This chapter discusses the following::
You can view the system status in the following ways:
Query the status of an individual node or the cluster by using the GUI or cxfs_admin.
Keep continuous watch on the state of a cluster using the GUI view area or the following cxfs_admin command:
# /usr/cluster/bin/cxfs_admin [-i clustername] -r -c "status interval=seconds" |
| Note: If you have multiple clusters connected to the same public network, use the -i option to identify the cluster name. |
Use the CXFS GUI or the tail command to view the end of the /var/log/messages system log file on a server-capable administration node.
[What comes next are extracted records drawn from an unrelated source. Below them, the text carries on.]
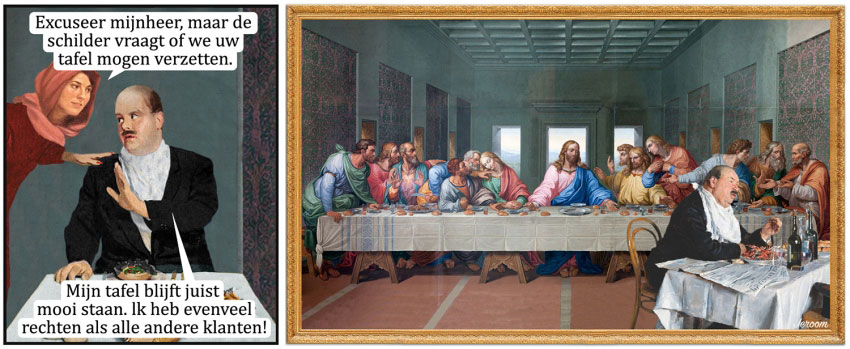 "Excuse me sir, but the painter asks if we can move your table." "My table remains where it is! I have just as much right as other customers!"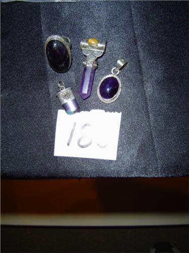 Sterling Silver and Semi-precious Jewelry. Aqua Aura Quartz Crystal Tounge Point w/ Amethyst accent stone - .75" X .5"3, Amethyst Crystal Point with Tigers Eye Accent Stone - .75" X 2", Oval Amethyst Pendant - .75" X 1" and Amethyst Stone (.75" X 1.25") Ring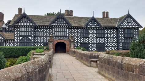 Speke Hall, a National Trust property on the eastern outskirts of Liverpool (right next to Liverpool John Lennon Airport, built on former Speke estate land) is a typical half-timbered, moated Tudor manor house. Although the moat has long since dried up.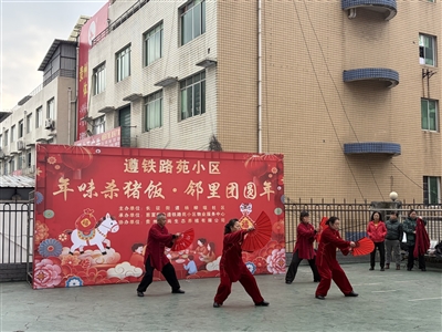 1月5日,红花岗区长征街道杨柳堰社区在遵铁路苑小区广场上举办“年味杀猪饭·邻里团圆年”新年民俗活动,数百名居民欢聚一堂进行游戏互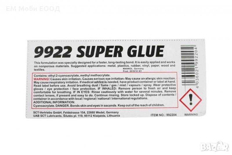 MANNOL 9922 Super Glue е Ултра бързо лепило за здрава, трайна връзка между слепващите се повърхности. Създаден за моментално и трайно залепване на всякакви видове материали.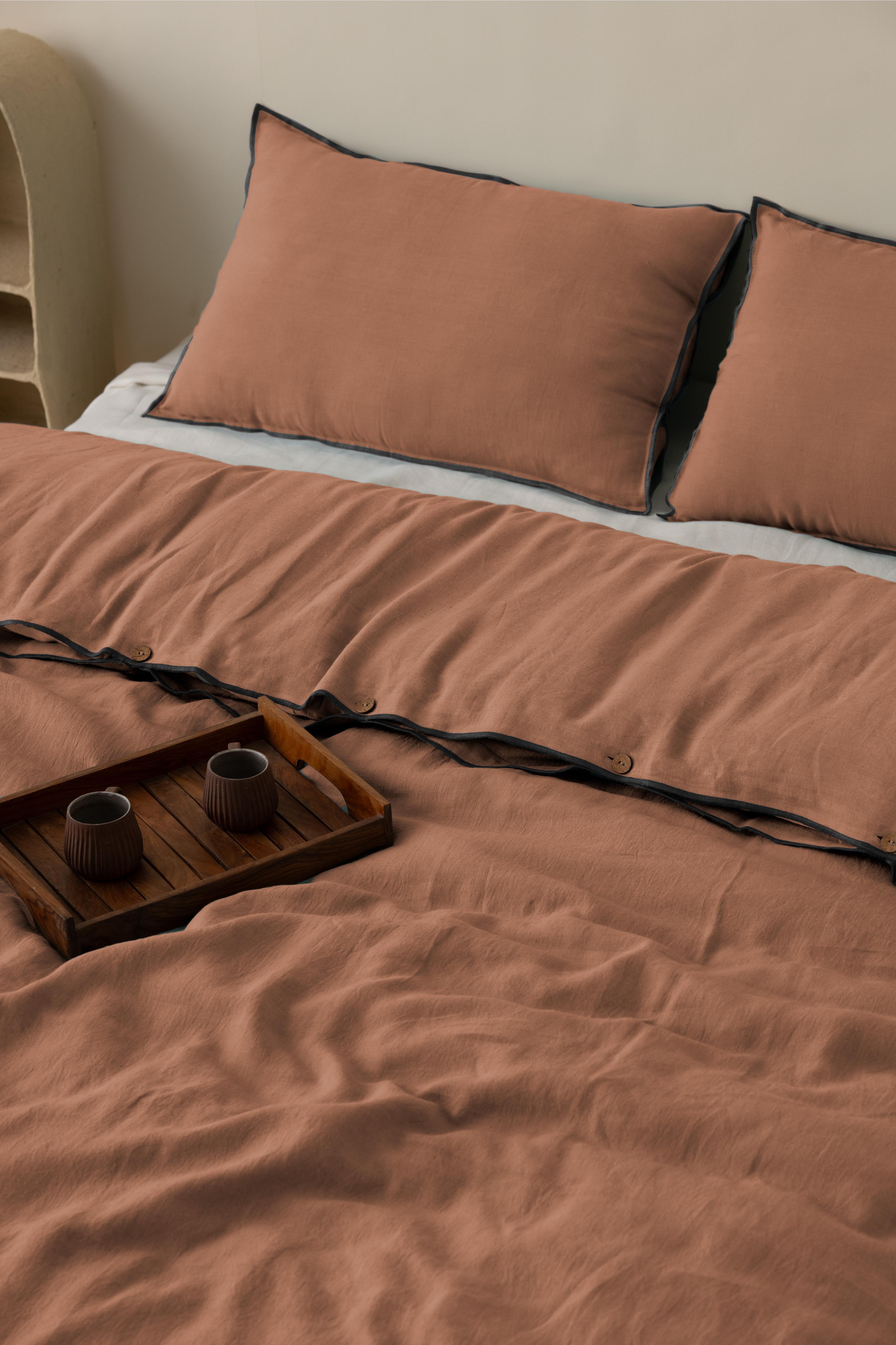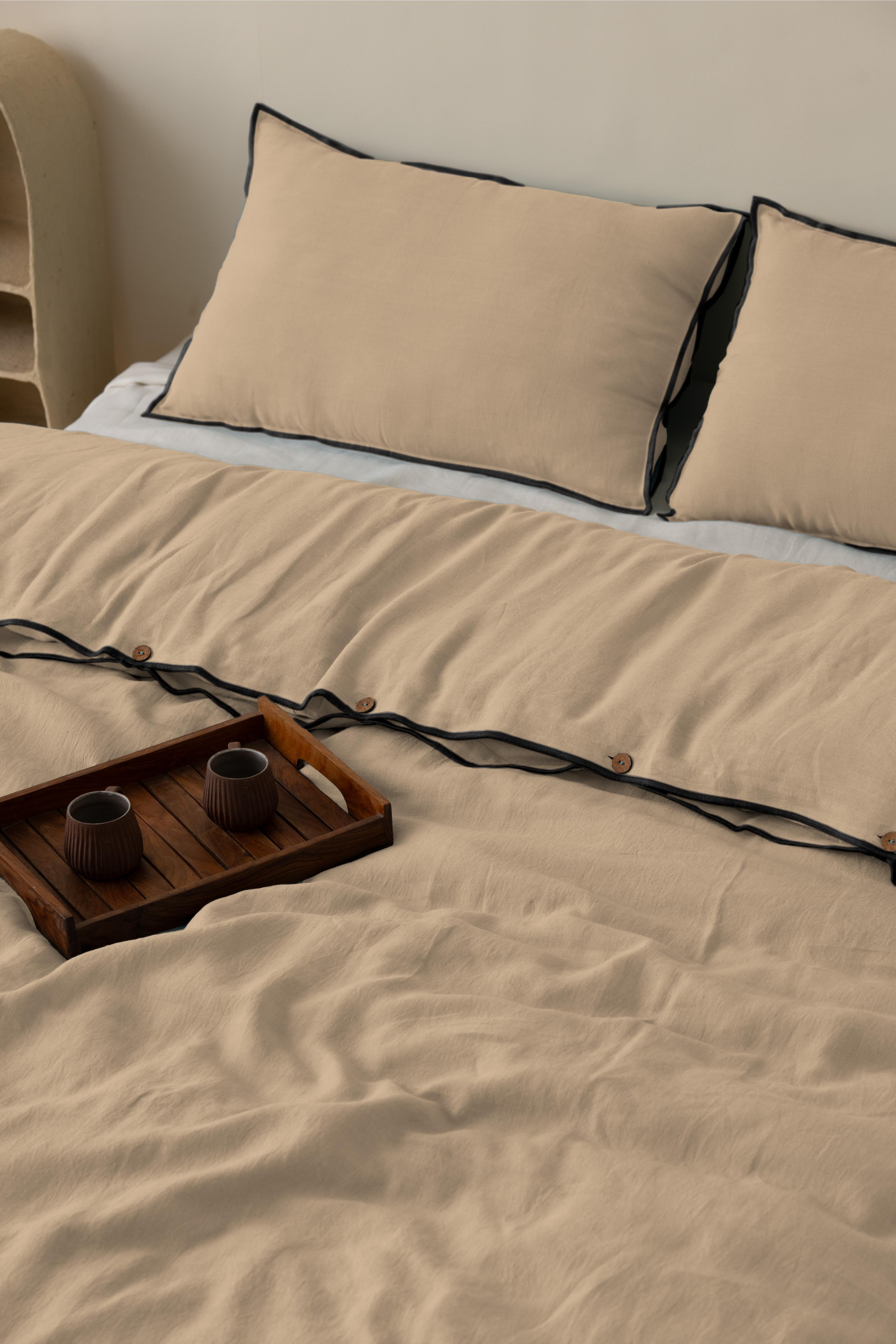 Linen Black Needled Duvet Cover Set in Bottle Green: Presenting our beautiful Linen Black Needled Duvet Cover to create a cloudy heaven in your bedroom. The intricate black needlework around the borders of this comfy creation will easily grab the attention of your loved ones. The duvet cover comes with two matching pillowcases and embellished coconut husk buttons to consciously adorn it, making it more special.

View the system log file on client-only nodes.
Manually test the filesystems with the ls command.
Use Performance Co-Pilot™ to monitor the read/write throughput and I/O load distribution across all disks and for all nodes in the cluster. The activity can be visualized, used to generate alarms, or archived for later analysis. You can also monitor XVM statistics.
See the following:
Performance Co-Pilot for Linux User's and Administrator's Guide
Performance Co-Pilot for Linux Programmer's Guide
dkvis(1), pmie(1), pmieconf(1), and pmlogger(1) man pages
Note: Administrative tasks must be performed using one of the following
tools:
|
You should monitor the following for problems:
Server-capable administration node log: /var/log/messages (look for a Membership delivered message to indicate that a cluster was formed)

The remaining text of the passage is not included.